# DATASET SECTION
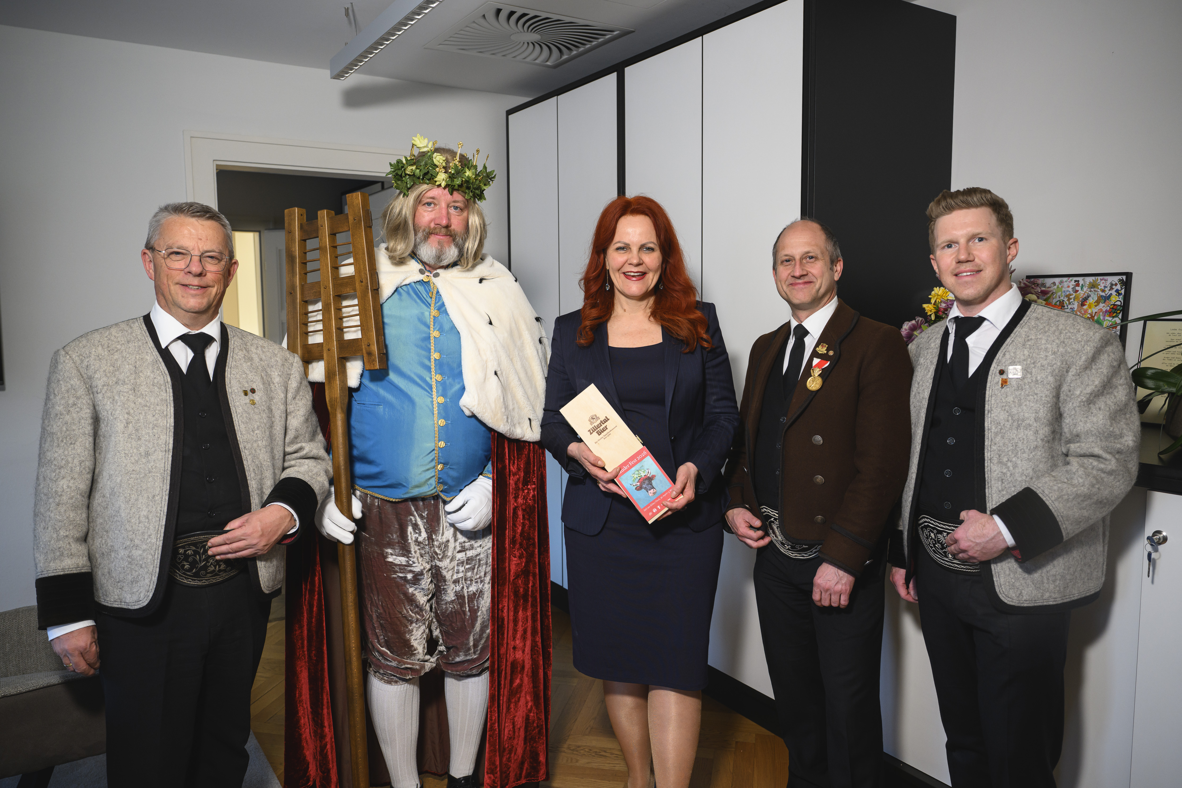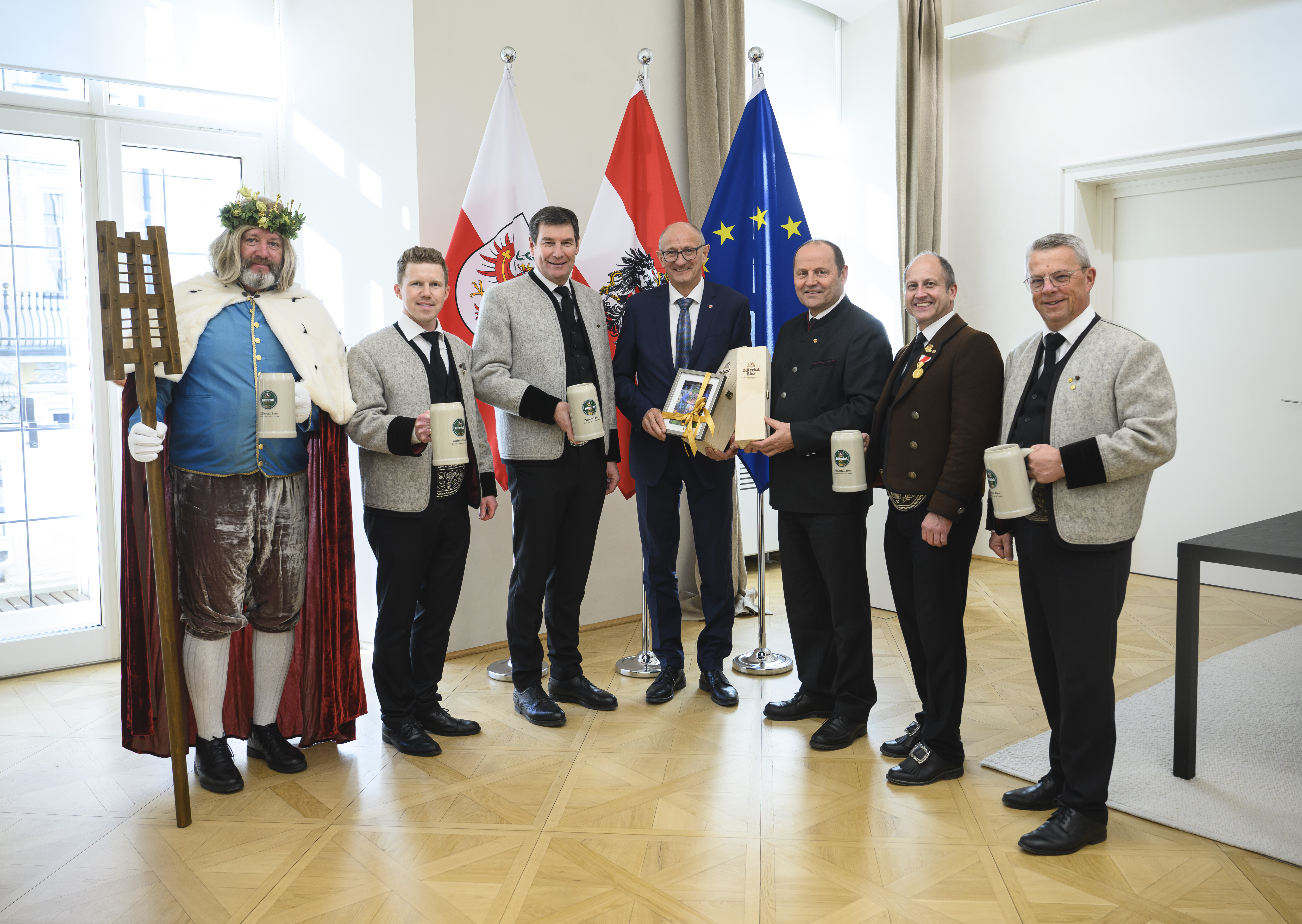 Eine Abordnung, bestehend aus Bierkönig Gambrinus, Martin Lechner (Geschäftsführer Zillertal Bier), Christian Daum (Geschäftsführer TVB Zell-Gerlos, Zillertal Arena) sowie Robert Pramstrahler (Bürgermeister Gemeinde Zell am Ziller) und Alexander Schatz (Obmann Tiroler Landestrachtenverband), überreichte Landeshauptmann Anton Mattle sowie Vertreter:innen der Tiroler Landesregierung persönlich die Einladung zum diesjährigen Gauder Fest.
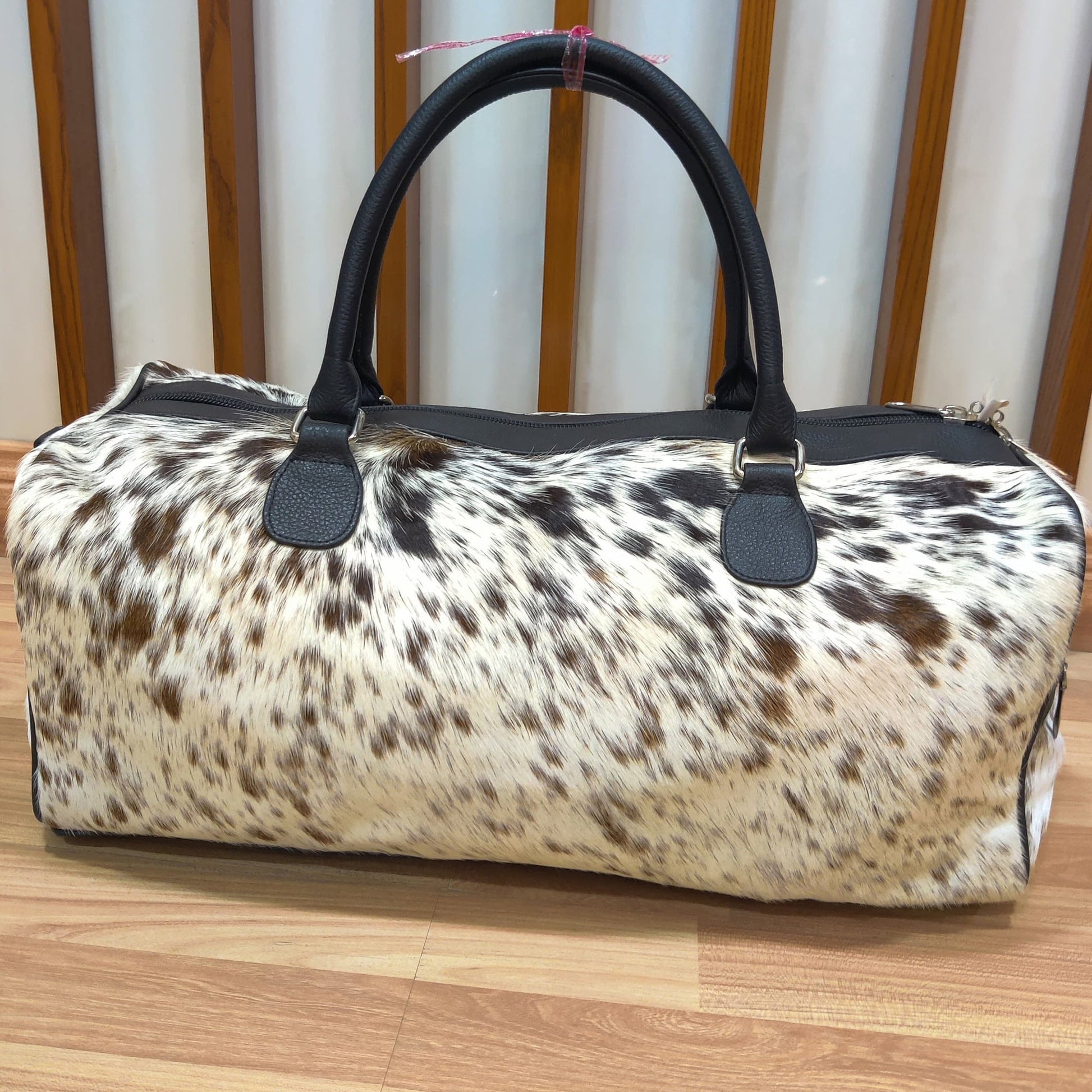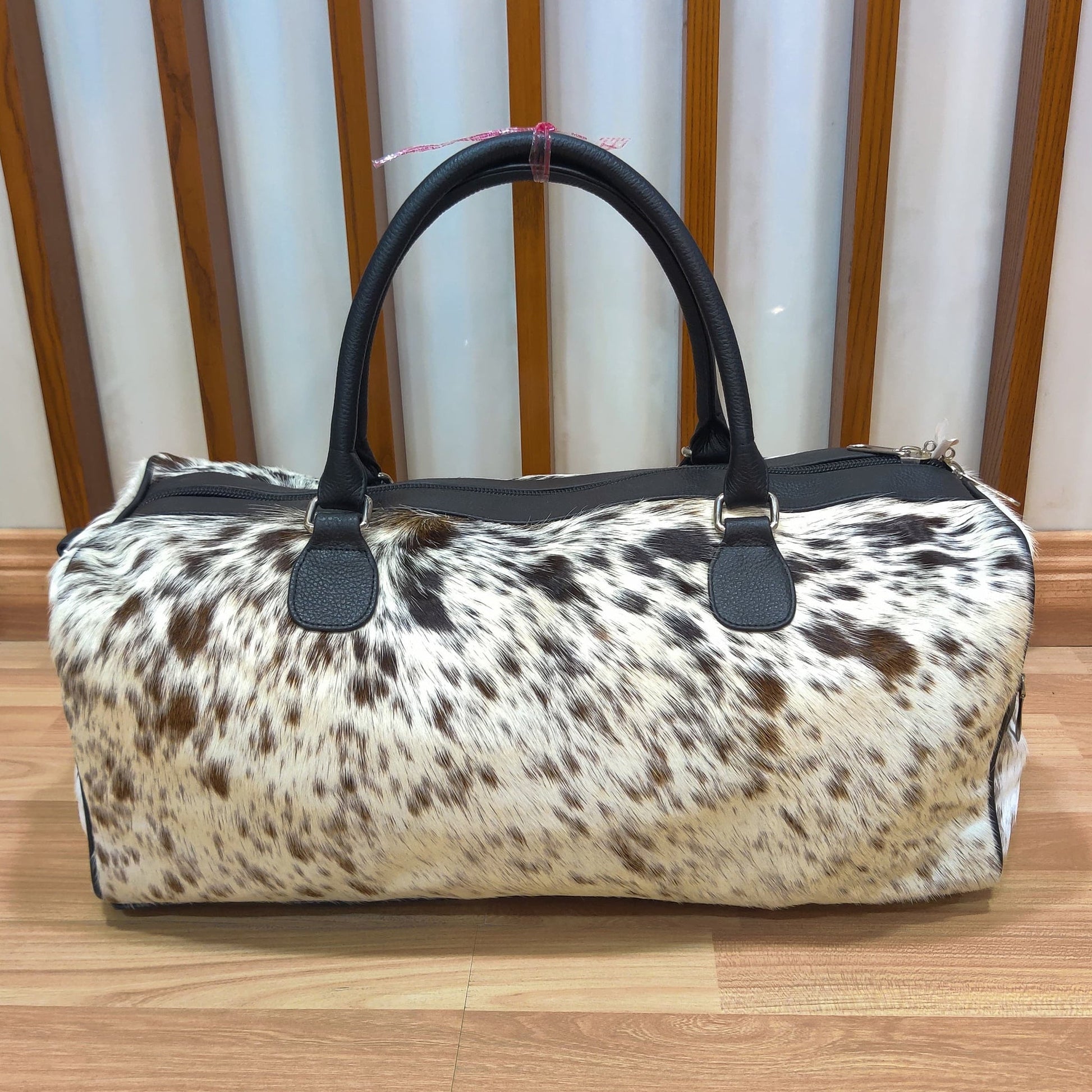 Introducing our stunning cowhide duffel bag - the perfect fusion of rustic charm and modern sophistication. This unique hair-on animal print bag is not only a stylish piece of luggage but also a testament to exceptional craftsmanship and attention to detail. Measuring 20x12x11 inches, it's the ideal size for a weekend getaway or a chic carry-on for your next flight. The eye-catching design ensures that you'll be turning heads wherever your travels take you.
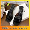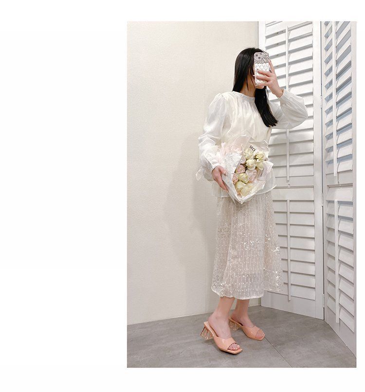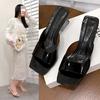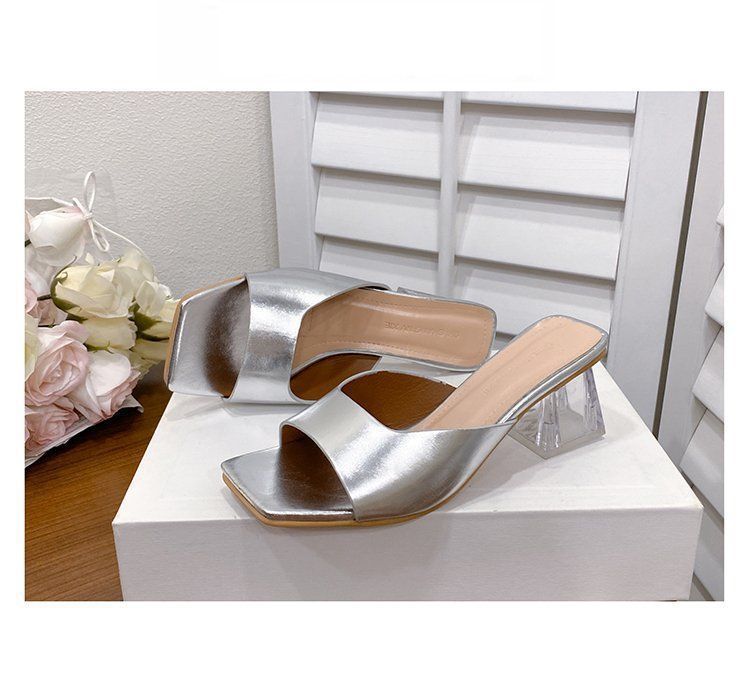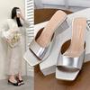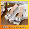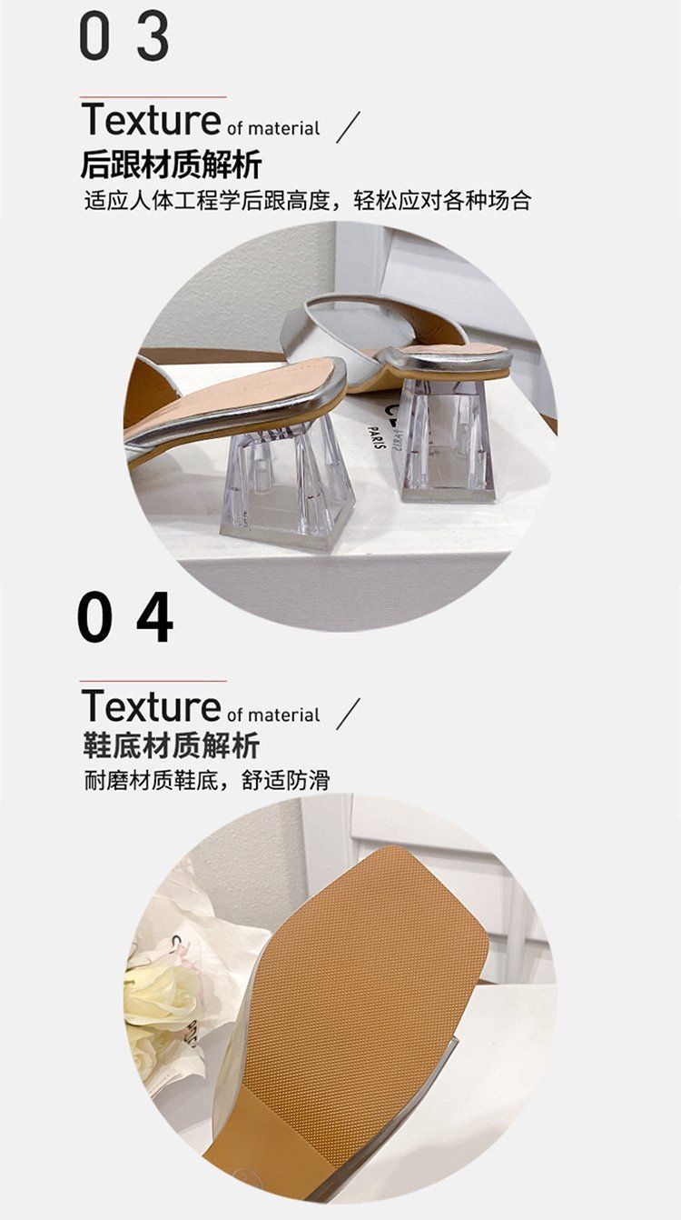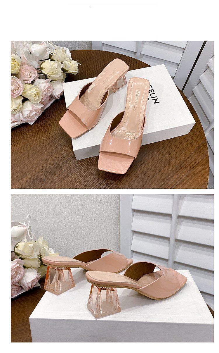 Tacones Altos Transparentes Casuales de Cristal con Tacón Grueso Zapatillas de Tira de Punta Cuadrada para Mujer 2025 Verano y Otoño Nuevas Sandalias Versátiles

# TASK INSTRUCTIONS
Send back every line of the listing exactly. Omit the images.

# SOLUTION TO THE PROBLEM
 Eine Abordnung, bestehend aus Bierkönig Gambrinus, Martin Lechner (Geschäftsführer Zillertal Bier), Christian Daum (Geschäftsführer TVB Zell-Gerlos, Zillertal Arena) sowie Robert Pramstrahler (Bürgermeister Gemeinde Zell am Ziller) und Alexander Schatz (Obmann Tiroler Landestrachtenverband), überreichte Landeshauptmann Anton Mattle sowie Vertreter:innen der Tiroler Landesregierung persönlich die Einladung zum diesjährigen Gauder Fest.
 Introducing our stunning cowhide duffel bag - the perfect fusion of rustic charm and modern sophistication. This unique hair-on animal print bag is not only a stylish piece of luggage but also a testament to exceptional craftsmanship and attention to detail. Measuring 20x12x11 inches, it's the ideal size for a weekend getaway or a chic carry-on for your next flight. The eye-catching design ensures that you'll be turning heads wherever your travels take you.
 Tacones Altos Transparentes Casuales de Cristal con Tacón Grueso Zapatillas de Tira de Punta Cuadrada para Mujer 2025 Verano y Otoño Nuevas Sandalias Versátiles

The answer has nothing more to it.